When the causes of World War I are discussed, the acronym MANIA is often used as an aid to memory. The letters stand for Militarism, Alliances, Nationalism, Imperialism, and Assassination. Many countries in Europe had developed substantial military forces; they had also established empires in Africa, and some of the imperial claims led to conflicts and bad feelings.
Many people in Europe were experiencing a rise in nationalism, not least the Serbs; a network of alliances had been created (the Triple Entente and the Triple Alliance) that had the potential to drag all of Europe into war. And finally, the assassination of Archduke Franz Ferdinand by a Serbian nationalist in Sarajevo was a short-term cause of the war.

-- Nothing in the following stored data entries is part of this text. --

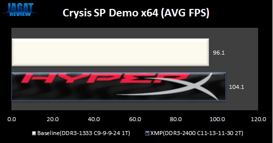 Untuk benchmark game kami menggunakan Crysis Single-Player Demo. Game yang dirilis lebih dari 3 (tiga) tahun lalu ini menjadi fenomena pada masanya sebagai game FPS yang terkenal ‘menyiksa’ VGA Card. Kami menggunakan versi 64-bit dari demo ini untuk menjalankan salah satu benchmark terintegrasinya, yaitu CPU benchmark. Disini banyak perhitungan physics yang dilakukan oleh sistem (baik CPU dan/atau memori), sehingga kami anggap cocok untuk dijadikan acuan performa memori. Supaya sistem kami tidak mengalami bottleneck pada VGA, kami ‘hanya’ menggunakan setting detail High, dan resolusi 720p (1280×720).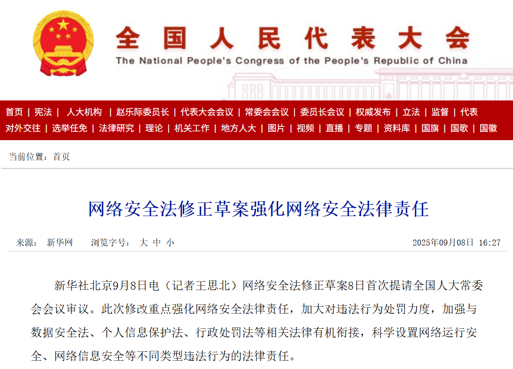 网络安全法修正草案8日首次提请全国人大常委会会议审议。此次修改重点强化网络安全法律责任,加大对违法行为处罚力度,加强与数据安全法、个人信息保护法、行政处罚法等相关法律有机衔接,科学设置网络运行安全、网络信息安全等不同类型违法行为的法律责任。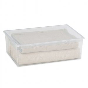 Contenitori multiuso in plastica trasparente con coperchio. ideali riporre oggetti, documenti cartelle e ogni altra cosa debba essere riordinata. dotati impugnature laterali per il trasporto. impilabili stabilmente.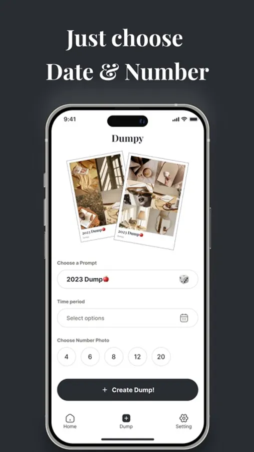 Effortlessly compile the best snapshots of your chosen dates. With advanced selection AI algorithms, Dumpy sifts through your memories to create stunning photo dumps that tell your story. Dive into nostalgia, share moments, and relive your highlights with just a tap. Download now and start showcasing your photographic journey!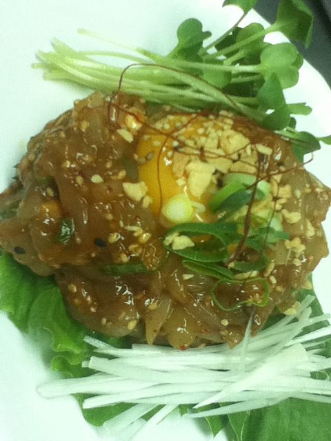 イカかぁ…日本ではシソとか明太子とか合わせるけど、あと納豆とか。けど、韓国料理にはどうだろ^^;

The long-term causes of the war are the militarism, imperialism, nationalism, and alliances; the short-term cause is the assassination and the subsequent activiation of the alliances when Austria-Hungary declared war on Serbia and the Russians mobilized to support their fellow Slavs. Soon, most of the other countries that were part of the alliances had been drawn into the war. An exception was Italy, which did not join Germany and Austria Hungary, instead waiting until after the Treaty of London was to join the war in 1915 on the side of the Allied powers.
Germany’s plan for the war (the Schlieffen Plan) involved a rapid attack on France, driving so swiftly toward Paris that the French would have no time to mobilize their defenses. Then, Germany would be able to pivot and fight a one-front war against Russia which, because it was less industrialized, would have a more difficult time mobilizing rapidly. The plan nearly succeeded, but the French stopped the German advance just 30 miles from Paris. Combat settled down to a slow process of trench warfare.

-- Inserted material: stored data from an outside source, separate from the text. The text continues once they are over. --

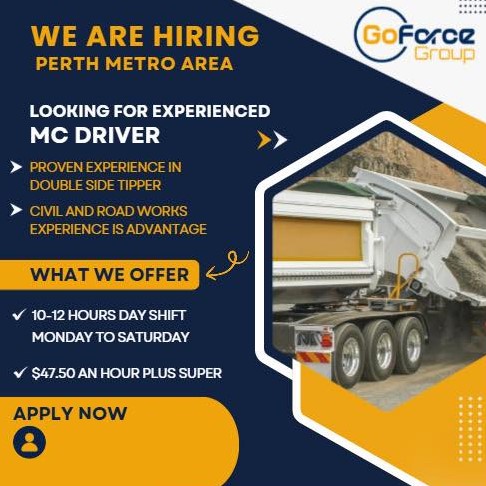 GoForce is seeking experienced MC Drivers for a role in the Perth Metro area operating a double side tipper.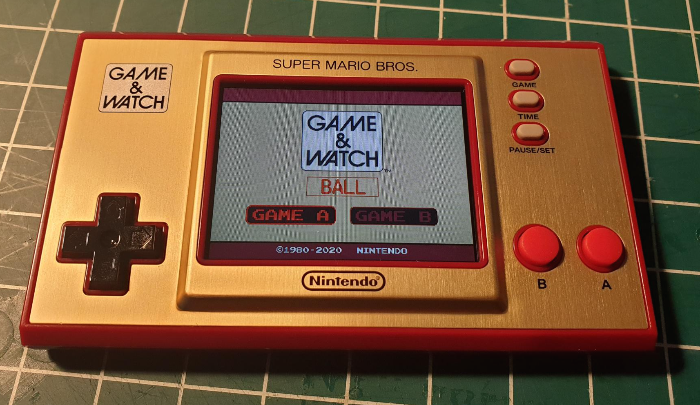 게임은 슈퍼마리오 1,2, 그리고 과거 Game&Watch 게임 중 하나인 Ball 이 들어있다. 그럭저럭 액정 게임기의 이미지가 약간 들뜬 그 느낌을 잘 구현해 주고 있다. 두 개의 공을 저글링하면서 점점 빨라지는 속도에 맞추어 안 떨어뜨리고 잘 받는 것이 관건.
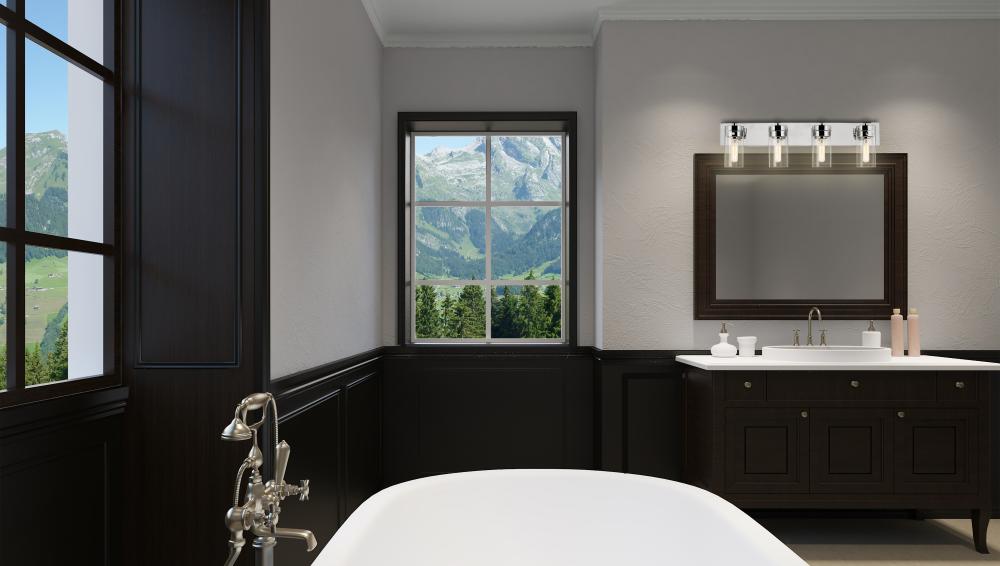 The blend of styles (modern, industrial and chic) is incorporated beautifully into the design of the Intersection 60-7634 four-light vanity fixture. The cylindrical clear glass shades showcase vintage filament bulbs for a touch of nostalgia. The sleek, mir

Major battles involved staggering casualties; for example, 75,000 were killed in the Battle of the Marne in 1914. In the trenches, the soldiers suffered cold, wet, filthy conditions, and often contracted trench foot. In the air, ace pilots fought dogfights in their biplanes and German zeppelins bombed cities in Britain. Machine guns, barbed wire, and tanks added to the casualties, but the most distinctive weapon used was poison gas. A variety of types of gasses were used during the war including chlorine and mustard gas, and the gas that caused the most casualties: phosgene.
Battles during WWI had staggering casualty rates; for example, during the battle of Verdun (1916) there were over 350,000 casualties (injuries and deaths) on each side. The Russians on the Eastern Front were suffering from lack of weapons, clothing, and food. The urgent need to support them was clear; the British tried to break through to bring support to them by occupying the Gallipoli peninsula (because the Ottoman Empire controlled the Dardanelles and had mined them heavily) but this turned out to be a catastrophe.
The US entered the war in 1917, provoked by attacks on US shipping by the Germans who had initiated unrestricted submarine warfare as well as by the revelation that Germany had tried to persuade Mexico to attack the US (this was revealed when the Zimmerman Note came to light).
World War I was a total war and civilians were required to make sacrifices to support the war; many women went to work in factories, helping produce weapons. Other women replaced men, going to work on farms and in offices. In the Ottoman Empire, the Armenian genocide took place; up to 1.5 million people were killed.
The war caused rationing and food shortages, and men returned from the war disfigured and suffering from shellshock, a term for PTSD. The United States came out of the war with a stronger economy, having suffered less from the damage of the war and also having benefitted from the opportunity to sell weapons and equipment to Europe. Many in the US also developed the conviction that the US should remain neutral and avoid entanglement with future European wars.
The USSR experienced the Russian revolution, brought about in part by the hardships of the war and made a separate peace with Germany: the Treaty of Brest-Litovsk. The treaties that ended the war broke up the empires of Austria-Hungary and the Ottomans. Germany lost its territories in Africa, which became ‘mandates’. It also lost land including the Polish Corridor, which became a cause of WWII. In the aftermath of the war, many countries that had abandoned the gold standard during the war, were unable to go back on it.
The Treaty of Versailles burdened Germany with huge reparations to France and Britain, exacerbating the economic crisis in which Germany found itself. Italy was denied most of the land that it had been promised in the Treaty of London, causing resentment that contributed to Mussolini’s decision to ally himself with Hitler.
In a positive outcome, in the United States, women were given the right to vote in 1920 by the passage of the 19th amendment, partly in recognition of the important contribution their work had made to the victory in the War. Art and literature were also affected; writers composed poetry and wrote novels about the war like All Quiet on the Western Front, and artists experimented with new styles like surrealism.